EXERCISE INSTRUCTIONS >>
Reproduce the entries below exactly, but only from the line containing "CONTENU : Ce" to the line containing "Анализ трех трагедий: Пожар", inclusive.

EXERCISE DATA >>
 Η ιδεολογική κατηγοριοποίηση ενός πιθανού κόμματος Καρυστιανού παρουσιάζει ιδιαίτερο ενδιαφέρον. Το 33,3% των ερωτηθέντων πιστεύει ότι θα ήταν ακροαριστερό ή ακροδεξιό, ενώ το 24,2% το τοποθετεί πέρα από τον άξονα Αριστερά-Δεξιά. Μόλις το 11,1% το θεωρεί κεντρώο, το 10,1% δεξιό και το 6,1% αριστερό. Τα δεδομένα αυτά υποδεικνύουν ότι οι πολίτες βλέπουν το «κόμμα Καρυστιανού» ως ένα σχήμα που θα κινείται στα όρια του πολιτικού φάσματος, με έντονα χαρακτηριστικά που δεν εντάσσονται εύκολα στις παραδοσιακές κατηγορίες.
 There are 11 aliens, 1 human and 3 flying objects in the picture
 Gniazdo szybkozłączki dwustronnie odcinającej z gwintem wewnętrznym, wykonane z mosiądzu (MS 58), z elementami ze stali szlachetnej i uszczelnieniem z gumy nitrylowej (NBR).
==
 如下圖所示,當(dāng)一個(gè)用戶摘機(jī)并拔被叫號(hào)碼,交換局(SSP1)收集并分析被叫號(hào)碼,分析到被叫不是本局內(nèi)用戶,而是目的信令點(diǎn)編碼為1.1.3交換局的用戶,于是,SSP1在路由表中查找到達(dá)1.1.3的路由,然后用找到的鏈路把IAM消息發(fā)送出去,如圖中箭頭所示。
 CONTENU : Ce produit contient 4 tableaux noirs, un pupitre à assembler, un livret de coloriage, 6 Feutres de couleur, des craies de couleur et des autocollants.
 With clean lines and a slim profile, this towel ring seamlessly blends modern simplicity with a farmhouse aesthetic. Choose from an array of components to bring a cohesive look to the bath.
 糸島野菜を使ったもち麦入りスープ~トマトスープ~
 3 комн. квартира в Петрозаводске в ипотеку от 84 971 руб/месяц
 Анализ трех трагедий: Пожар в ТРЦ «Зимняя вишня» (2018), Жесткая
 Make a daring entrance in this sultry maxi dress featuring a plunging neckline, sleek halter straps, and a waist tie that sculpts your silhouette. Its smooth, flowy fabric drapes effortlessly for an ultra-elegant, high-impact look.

ANSWER BELOW >>
 CONTENU : Ce produit contient 4 tableaux noirs, un pupitre à assembler, un livret de coloriage, 6 Feutres de couleur, des craies de couleur et des autocollants.
 With clean lines and a slim profile, this towel ring seamlessly blends modern simplicity with a farmhouse aesthetic. Choose from an array of components to bring a cohesive look to the bath.
 糸島野菜を使ったもち麦入りスープ~トマトスープ~
 3 комн. квартира в Петрозаводске в ипотеку от 84 971 руб/месяц
 Анализ трех трагедий: Пожар в ТРЦ «Зимняя вишня» (2018), Жесткая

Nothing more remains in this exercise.